French photographer Etienne Clément has spent the past three years documenting a Gateshead grain silo's transformation into an arts centre. Ten months before it opens, here are some of the results …
next March, the former Baltic Flour Mills in Gateshead will reopen as an arts centre. The £46m, four-year construction programme is being documented by photographer Etienne Clément, whose pictures will be exhibited at the RIBA next spring, to coincide with the project's completion.

In 1998, Clément was commissioned by Baltic director Sune Nordgren to record the abandoned quayside building – a silo built in the 1950s and used to store imported grain from eastern Europe – before it was gutted and transformed into the lottery-funded Baltic Centre for Contemporary Art.

The commission was part of a series of projects planned by Nordgren to turn the construction process into a rolling programme of artistic events. Clément says: "I thought this was such a sexy project that I decided to document the whole process."

Since then, Clément has been a regular visitor to the site, usually when it is empty of workers, in order to capture the unique atmosphere of the vast, 42 m high building.

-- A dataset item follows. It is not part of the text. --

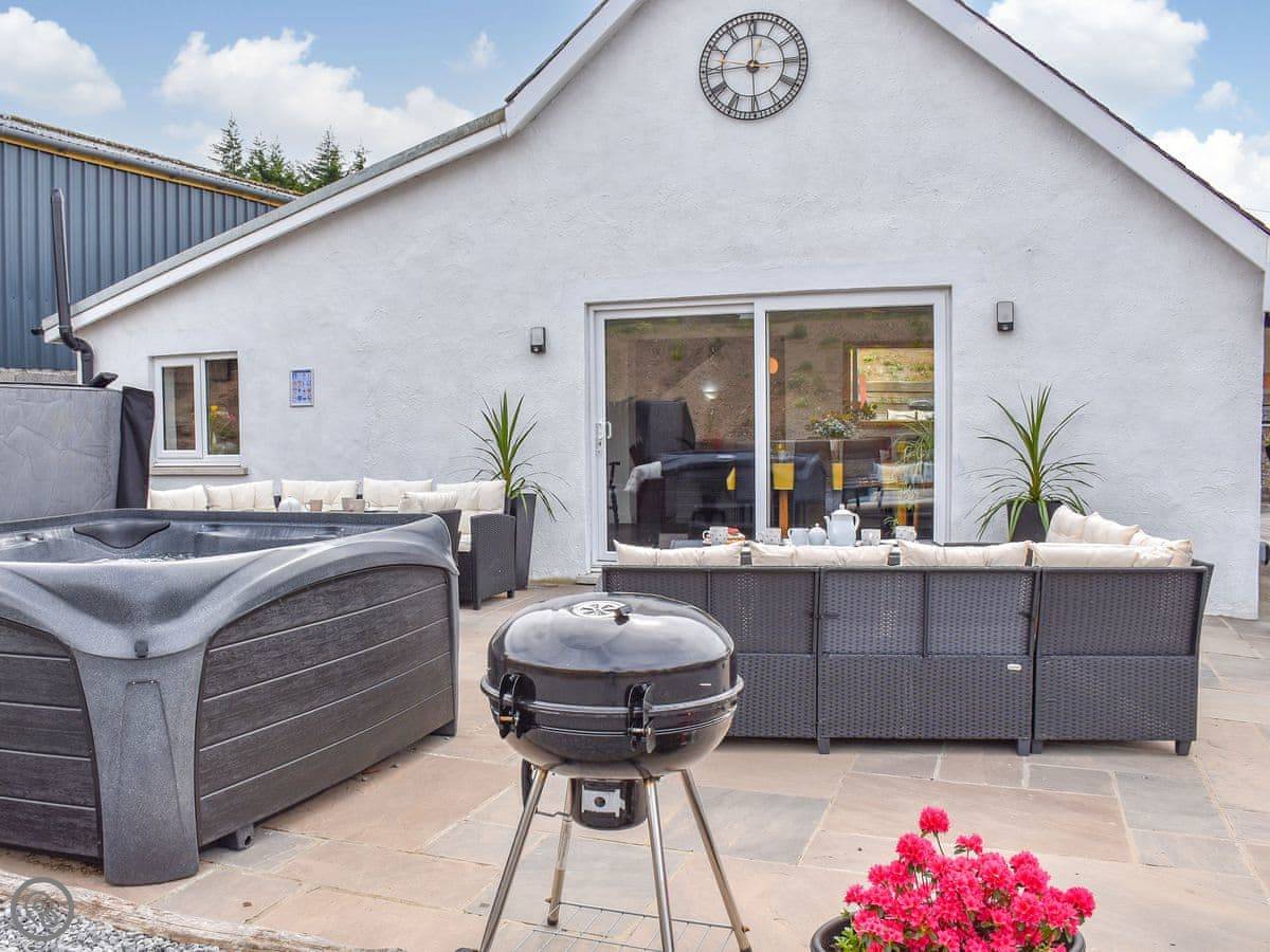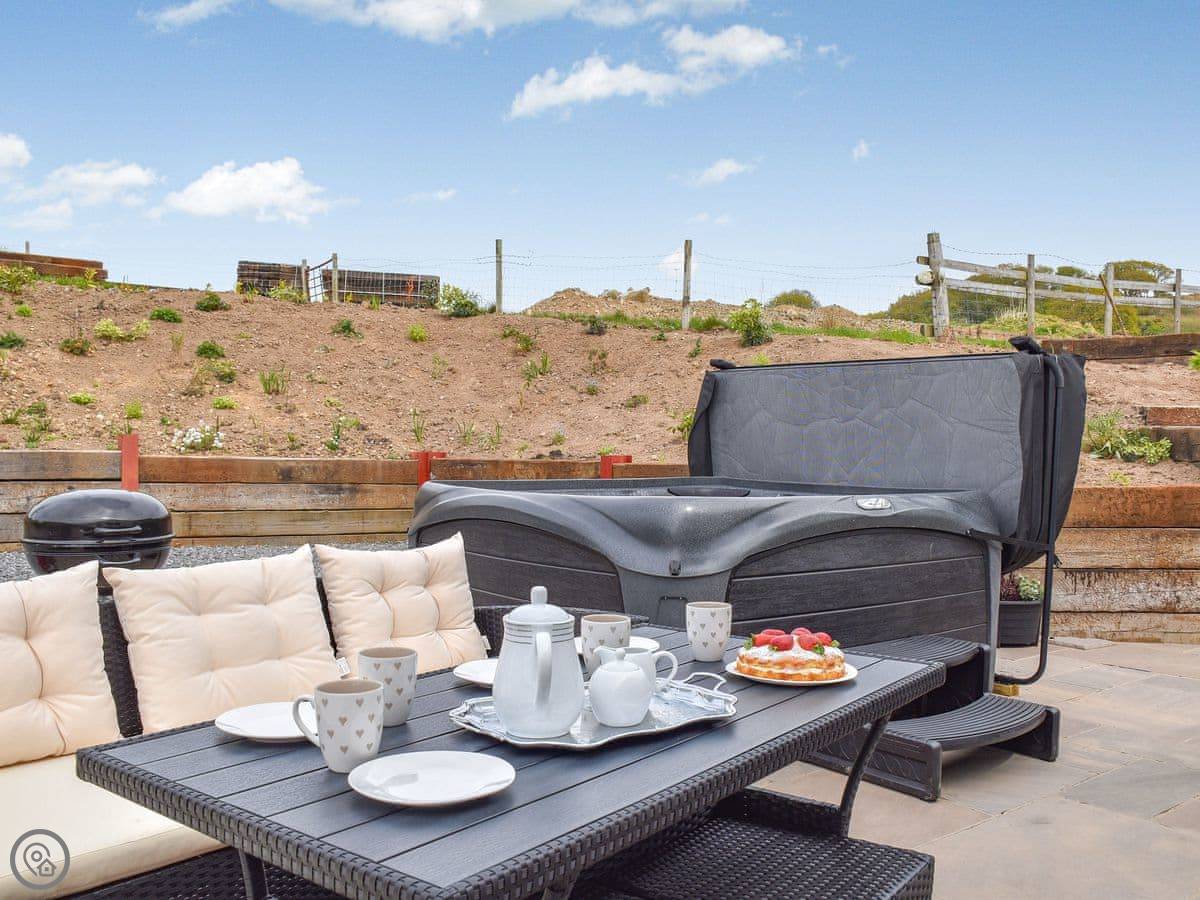 Outside there's a large patio with seating, a barbecue, and a seven-person hot tub.

The first stage of construction involved gutting the building to remove the 148 concrete grain silos. In summer 1999, the enormous void was temporarily filled with a huge installation by artist Anish Kapoor. The piece, called Taratantara, consisted of an enormous red PVC trumpet stretched across the 52 m long space. Other temporary art interventions on the building have included a series of gigantic banners by Bruce Maclean which were slung from the roof, and a 2km high light beam by Jaume Plensa.

Builders are now completing the installation of five exhibition floors and five mezzanine levels between the preserved north and south facades.

Clément, who was brought up in Aix-en-Provence, France, is something of an aficionado of construction sites. "Building sites were my playground when I was young. I used to break in and play. I realised recently that all the smells – the concrete, the plaster – were from my childhood."

The Ellis Williams Architects-designed centre, which is being billed as northern England's answer to the Tate Modern, is part of a cluster of major projects on the banks of the Tyne. Wilkinson Eyre Architects' dramatic Gateshead Millennium Bridge, situated next to the Baltic, is due to open later this year while work began last month on Foster and Partners' £70m Music Centre on the opposite bank.